Large Language Models often generate JSON that is almost correct but has minor syntax errors. This package helps you handle those cases gracefully:

# LLM might output JSON with trailing commas and unquoted keys
llm_output <- '{
  users: [
    {name: "Alice", age: 30,},
    {name: "Bob", age: 25,},
  ],
}'

# Option 1: Repair and parse with your chosen JSON parser (e.g., jsonlite)
repaired <- repair_json_str(llm_output)
(parsed <- jsonlite::fromJSON(repaired))
#> $users
#>   age  name
#> 1  30 Alice
#> 2  25   Bob

# Option 2: Use schema with return_objects for type safety
schema <- json_object(
  users = json_array(json_object(
    name = json_string(),
    age = json_integer()
  ))
)

result <- repair_json_str(llm_output, schema = schema, return_objects = TRUE)
str(result)
#> List of 1
#>  $ users:List of 2
#>   ..$ :List of 2
#>   .. ..$ name: chr "Alice"
#>   .. ..$ age : int 30
#>   ..$ :List of 2
#>   .. ..$ name: chr "Bob"
#>   .. ..$ age : int 25

Available Functions

Repair Functions

All repair functions support the schema, return_objects, ensure_ascii, and int64 parameters:

Parameters: - schema - Optional schema definition (R list from json_object(), etc.) or built schema (from json_schema()) - return_objects - If TRUE, returns R objects instead of JSON strings - ensure_ascii - If TRUE (default), escape non-ASCII characters in the output JSON - int64 - Policy for handling 64-bit integers: "double" (default), "string", or "bit64"

Schema Functions

Comparison with Similar Packages

While R has several JSON parsing packages like jsonlite, they typically fail when encountering malformed JSON. llmjson is specifically designed to handle the common errors that LLMs make when generating JSON output, making it ideal for:

Acknowledgments

This package includes a vendored and bug-fixed version of the llm_json Rust crate (v1.0.1) by Ribelo, which is itself a Rust port of the Python json_repair library by Stefano Baccianella (mangiucugna).

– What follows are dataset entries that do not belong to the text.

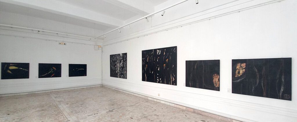 Dominanța negrului în lucrările Emiliei Persu poate fi văzută într-o lungă filiație în istoria artei: de la „picturile negre” ale spaniolului Francisco de Goya pe pereții din Quinta del Sordo (Casa surdului), traducând spaima de dinaintea morții, la fabuloasele Carceri d’invenzione (închisori imaginate) – serie de 16 gravuri cu arhitecturi fantastice, de inspirație livrescă, a italianului Giovanni Battista Piranesi, pe fundalul acelui Gothic Revival al romantismului secolului al XIX-lea –, și până la picturile francezului Pierre Soulages, „maestrul negrului” din secolul XX, care considera că instrumentul său predilect este lumina reflectată de negru, numindu-și demersul outrenoir (dincolo de negru). În spațiul românesc, împăstările cărnoase ale materiei picturale amintesc pe alocuri de o altă artistă originară din Constanța, prematur dispăruta Ecaterina Vrana. Geometriile fruste, în tușe largi, negre, din seria marilor picturi în acrilic pe pânză Overlap (suprapunere) din prima sală își găsesc corespondențe în unele lucrări ale artistei Hedda Sterne din anii 1950, când aceasta descoperea New York-ul ca pe un organism tentacular, sau, mai aproape în timp, în anumite lucrări ale lui Nicolae Comănescu (ca cele din expozițiile sale din ultimii ani, cu clădiri industriale abandonate).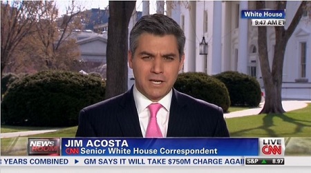 The correspondent later touted the development as "pretty big news over here at the White House. They're reacting with a lot of glee and happiness, I can tell you." Acosta and anchor Carol Costello also credited the President's Internet video with comedian Zach Galifianakis for part of ObamaCare's apparent success: [MP3 audio available here; video below the jump]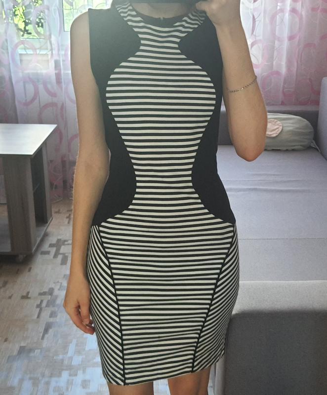 Аккуратое платье, за счет контраста и принта имитирует эффект талии и вытягивает тело, что дает +к росту :) Будет красиво смотреться как на миниатюрной так и на средней девушке, если талия 63-68 то просто супер прилегает. Надевала один раз, состояние идеальное. Если нужно то ткань тянется, при ходьбе не соскальзывает наверх, что является неприятной "фишкой" некоторых моделей.

Our vendored version includes critical bug fixes for array parsing not present in the upstream release.

The schema system was inspired by the structr package, which provides elegant patterns for defining and validating data structures in R.

Code of Conduct

Please note that the llmjson project is released with a Contributor Code of Conduct. By contributing to this project, you agree to abide by its terms.